Try to figure out how we'd do this using groupby.
It is possible to group a DataFrame by multiple features. For example, if we group by Year and Sex we get back a DataFrame with the total number of babies of each sex born in each year.
babynames.groupby(["Year", "Sex"]).agg(sum).head(6)
The DataFrame resulting from the aggregation operation is now multi-indexed. That is, it has more than one dimension to its index. We will explore this in next week's exercises.
#size returns a Series giving the size of each group
elections.groupby("Party").size().head(15)
# filter gives a copy of the original DataFrame where row r is included
# if its group obeys the given condition
#
# Note: Filtering is done per GROUP, not per ROW.
elections.groupby("Year").filter(lambda sf: sf["%"].max() < 45)
As an alternative to groupby.agg(sum), we can also simply do groupby.sum().
elections.groupby("Year").agg(sum).head()

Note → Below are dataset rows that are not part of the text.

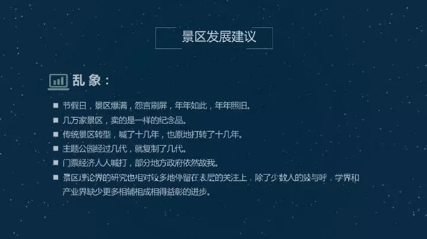 国有景区门票降价是势在必行,去年一年,我们的调研发现,有一些景区对门票降价还是有疑问的,还是心存侥幸,认为是一时政策取向。实际上这是一个势在必行的价值取向,从发改委密集的出台政策能看出来。这是延伸我们景区产业链,发展更多元化产品的手段。那么景区发展建议呢?重视理论指导实践,刚才戴院长也讲,没有实践支撑的理论是空洞的。没有理论指导的实践是盲目性比较多的。我们景区应当说是实践走在理论的前面,其实我们也不缺理论。缺的还是理论和实践之间这种相得益彰的,齐头并进的现象。大家都是各自为战。
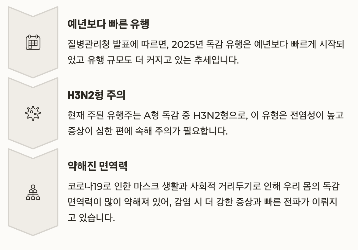2025년 독감 유행은 예년보다 빠르게 시작되었고, 유행 규모도 더 커지고 있는 추세입니다.
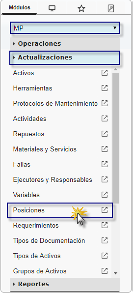 b. En el módulo MP, desplegamos el componente Actualizaciones y activamos el sub. componente Posiciones.
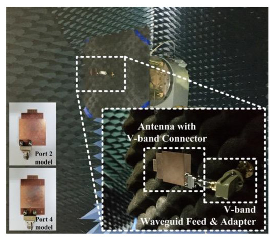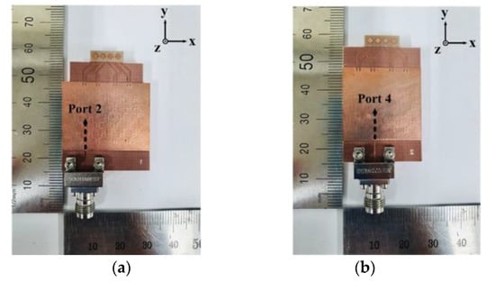 Figure 16 shows the fabricated prototypes of the antenna with connector for port 2 and port 4. Figure 17 shows a photograph of the fabricated antenna and measurement setup. The fabricated antenna with a V-band connector is connected to a waveguide-to-coax adapter and a waveguide feed.
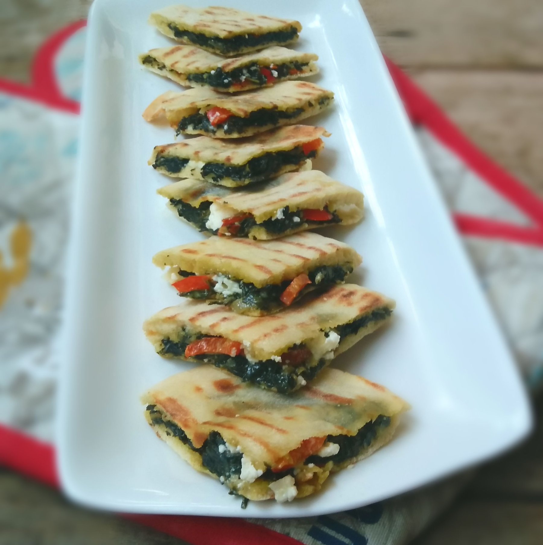Mini Tramezzini with Creamed Spinach, Feta and Sweet Pepper are one bite little triangular sandwiches. This is also a great vegetarian snack option.

elections.groupby("Year").sum().head()
The same applies for many other common operations.
elections.groupby("Year").agg(max).head()
elections.groupby("Year").max().head()
#elections.groupby("Year").mean().head()
#elections.groupby("Year").median().head()
elections.groupby("Year").max().head()
Suppose we want to build a table showing the total number of babies born of each sex in each year. One way is to groupby using both columns of interest.
babynames.groupby(["Year", "Sex"]).agg(sum).head(6)
A more natural approach is to use a pivot table (like we saw in data 8).
babynames_pivot = babynames.pivot_table(
index='Year', # the rows (turned into index)
columns='Sex', # the column values
values='Count', # the field(s) to processed in each group
aggfunc=np.max, # group operation
)
babynames_pivot.head(6)
The basic idea behind pivot tables is shown in the image below.
In goal 1, we didn't take into account the unlikely possibility that the most popular name was actually spread across both birth sexes. For example, what if in the table below it turns out that there were 300 female Noahs born in CA in 2018. In that case, Noah would actually be the most popular.
Since our queries are getting pretty long, I've stuck them inside parentheses which allows us to spread them over many lines.
(
babynames[babynames["Year"] == 2018]
.sort_values(by = "Count", ascending = False)
.head(5)
)
Try to add a single line to the operation above so that each row represents the sum of male and female babies born in 2018 with that name. To do this, fill in the ??? below.
(
babynames[babynames["Year"] == 2018]
#.???
.sort_values(by = "Count", ascending = False)
.head(5)
)